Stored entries
============================================================

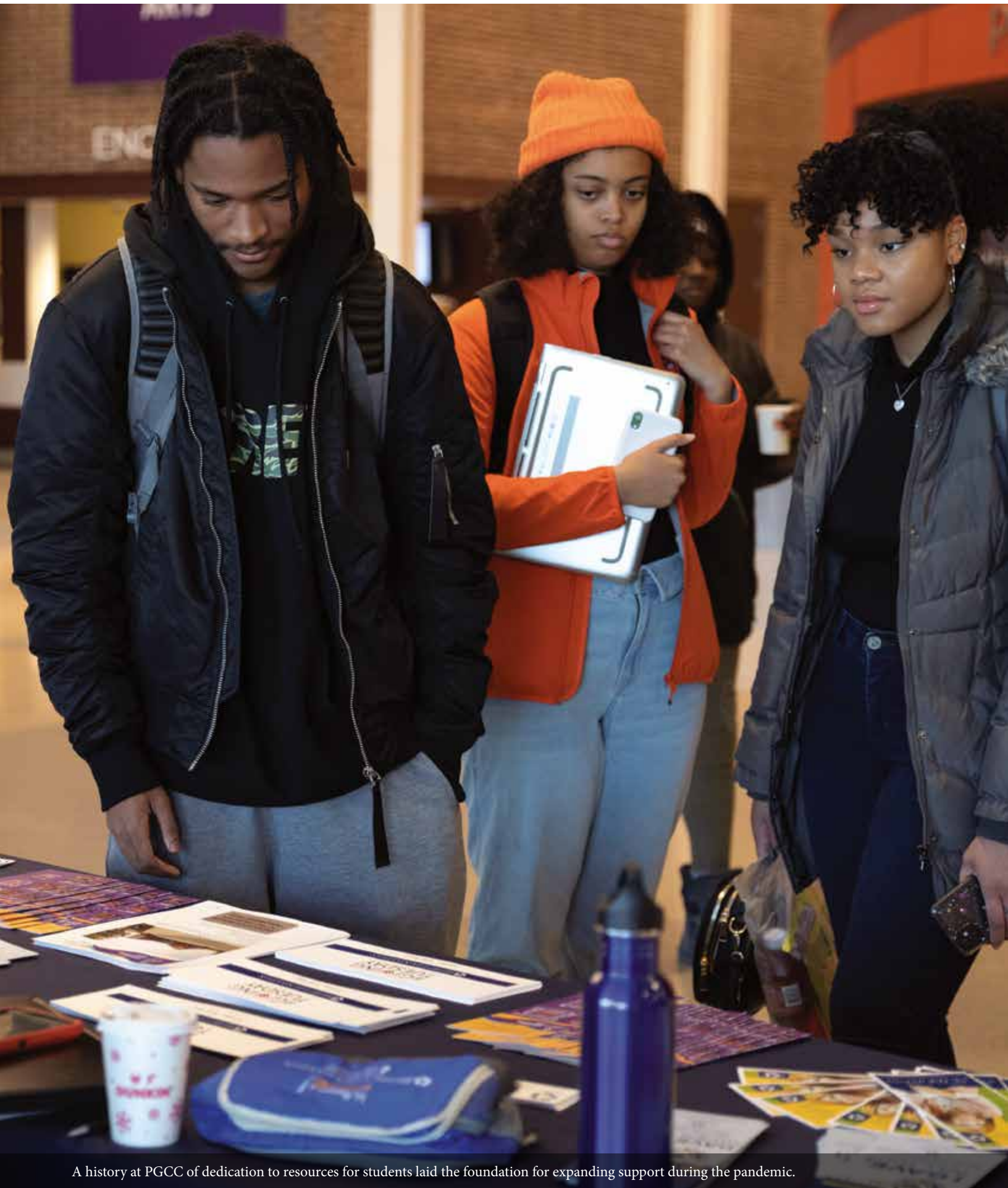
A history at PGCC of dedication to resources for students laid the foundation for expanding support during the pandemic.
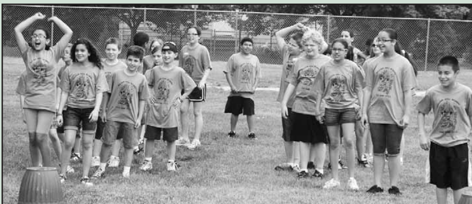
Fifth-grade Rall students get ready for outdoor relays at Fun Day.
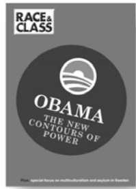
RACE & CLASS OBAMA THE NEW CONTOURS OF POWER Plus: Special Focus on multiculturalism and empire in America

Race & Class is a quarterly journal on racism, empire and globalisation, published by the Institute of Race Relations, London.
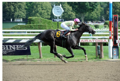
Condo Commando
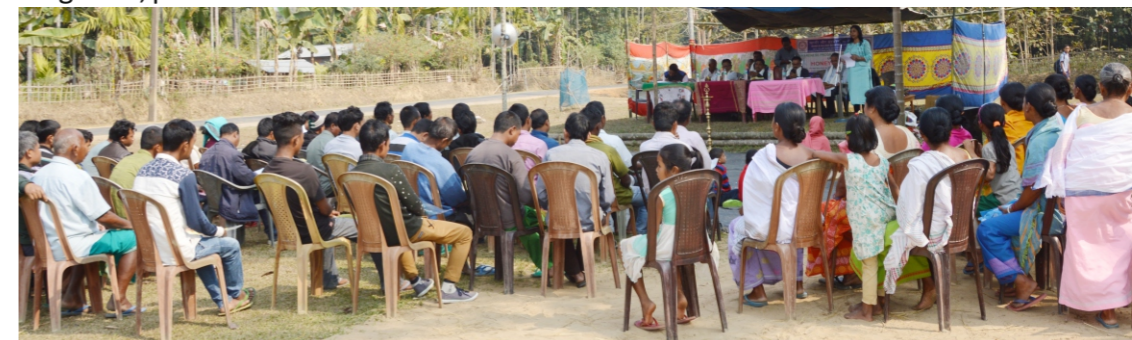
Bosco Reach Out

The objectives of the Eden Honey Bee Project involve the organization and training of beekeepers in Conservation Beekeeping, in areas such as managing the beehives, production and sale of honey and other hive by-products by drawing up guidelines for the diagnosis, prevention and treatment of bee diseases.
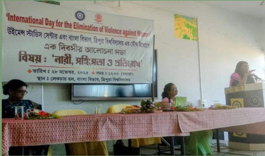
Distinguished speakers addressing the participants during the lecture series

for meaningful dialogue and reflection, encouraging participants to critically engage with issues related to gender-based violence and to promote a more inclusive and equitable society.
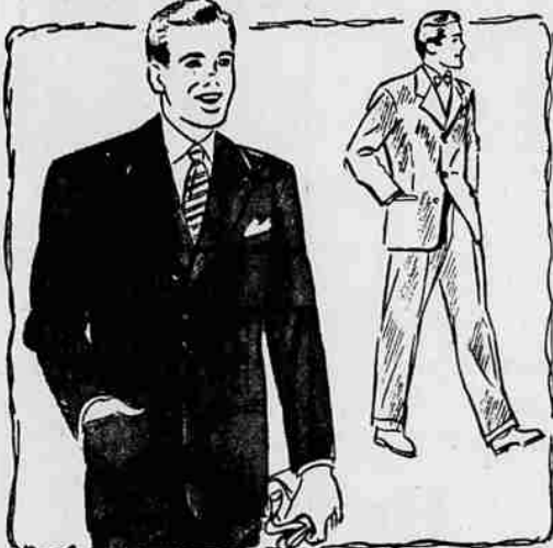
BOYS' DELUXE SUITS FREE-AND-EASY STYLED

Watch him step out with a jaunty stride in this handsome suit! Smooth, crisp-finished 60% rayon, 40% wool gabardine. Blue, brown, tan, single and double breasted. At a sensible cash-and-carry price that saves you plenty. All sizes 10-18.
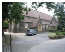
ST MARYS CHURCH SOHE 2008
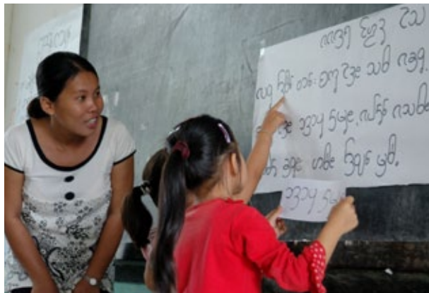
Learning to read occurs most easily in the language the learner speaks best.

Primary education programs that begin in the mother tongue help students gain literacy and numeracy skills more quickly. When taught in their local language, students readily transfer literacy skills to official languages of education, acquiring essential tools for life-long learning. The results are the growth of self esteem and a community that is better equipped to become literate in languages of wider communication.

============================================================

#### Problem requirements:
Produce the number of lines in the data containing the string "that", with nothing added.

#### Exercise solution:
2